= GIVEN INFORMATION =
======
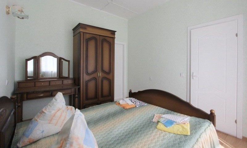 В номере: кровати односпальные, прикроватные тумбочки, стол, стулья, шкаф, набор посуды, телевизор, холодильник
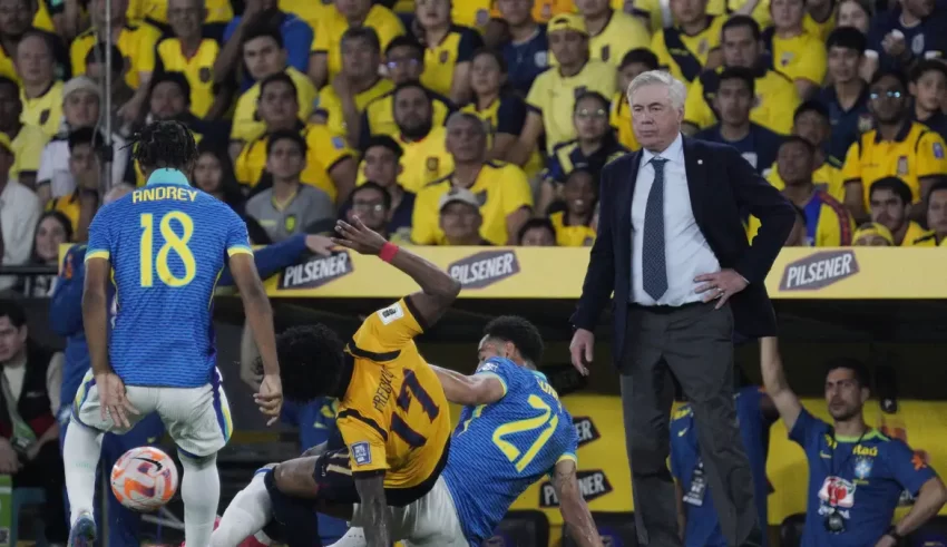 Os primeiros minutos da seleção brasileira sob o comando de Ancelotti não foram animadores. Com um Brasil guardando posição na defesa, o Equador assumiu o comando das ações. A equipe da casa trocava passes buscando espaços para entrar em uma defesa brasileira que não fazia muita pressão.
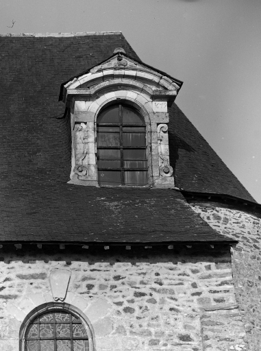 Lucarne sud-est, vue de détail.Immatriculation
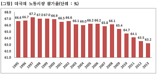 ⇨ 미국 노동통계국의 자료를 보면 글로벌 금융 위기 이후 노동시장 참가율이 급락했다는 것을 확인할 수 있습니다. 노동시장 참가율이라는 것은 15세 이상 인구 중에서 취업자와 1주일 이상 구직 활동을 한 사람들의 비율을 말하는데요. 이 지표는 2008년 66.1%(8월 기준, 이하 동일)였으나, 글로벌 금융 위기 이후 지속적으로 떨어져 2010년에는 64.7%를 기록했고 지난달에는 63.2%를 기록했습니다.
======
= TASK DETAILS =
Exactly and only the lines from the one holding "Os primeiros minutos" through the final line of the material must be returned, both ends included, without any pictures.

= EXERCISE OUTPUT =
 Os primeiros minutos da seleção brasileira sob o comando de Ancelotti não foram animadores. Com um Brasil guardando posição na defesa, o Equador assumiu o comando das ações. A equipe da casa trocava passes buscando espaços para entrar em uma defesa brasileira que não fazia muita pressão.
 Lucarne sud-est, vue de détail.Immatriculation
 ⇨ 미국 노동통계국의 자료를 보면 글로벌 금융 위기 이후 노동시장 참가율이 급락했다는 것을 확인할 수 있습니다. 노동시장 참가율이라는 것은 15세 이상 인구 중에서 취업자와 1주일 이상 구직 활동을 한 사람들의 비율을 말하는데요. 이 지표는 2008년 66.1%(8월 기준, 이하 동일)였으나, 글로벌 금융 위기 이후 지속적으로 떨어져 2010년에는 64.7%를 기록했고 지난달에는 63.2%를 기록했습니다.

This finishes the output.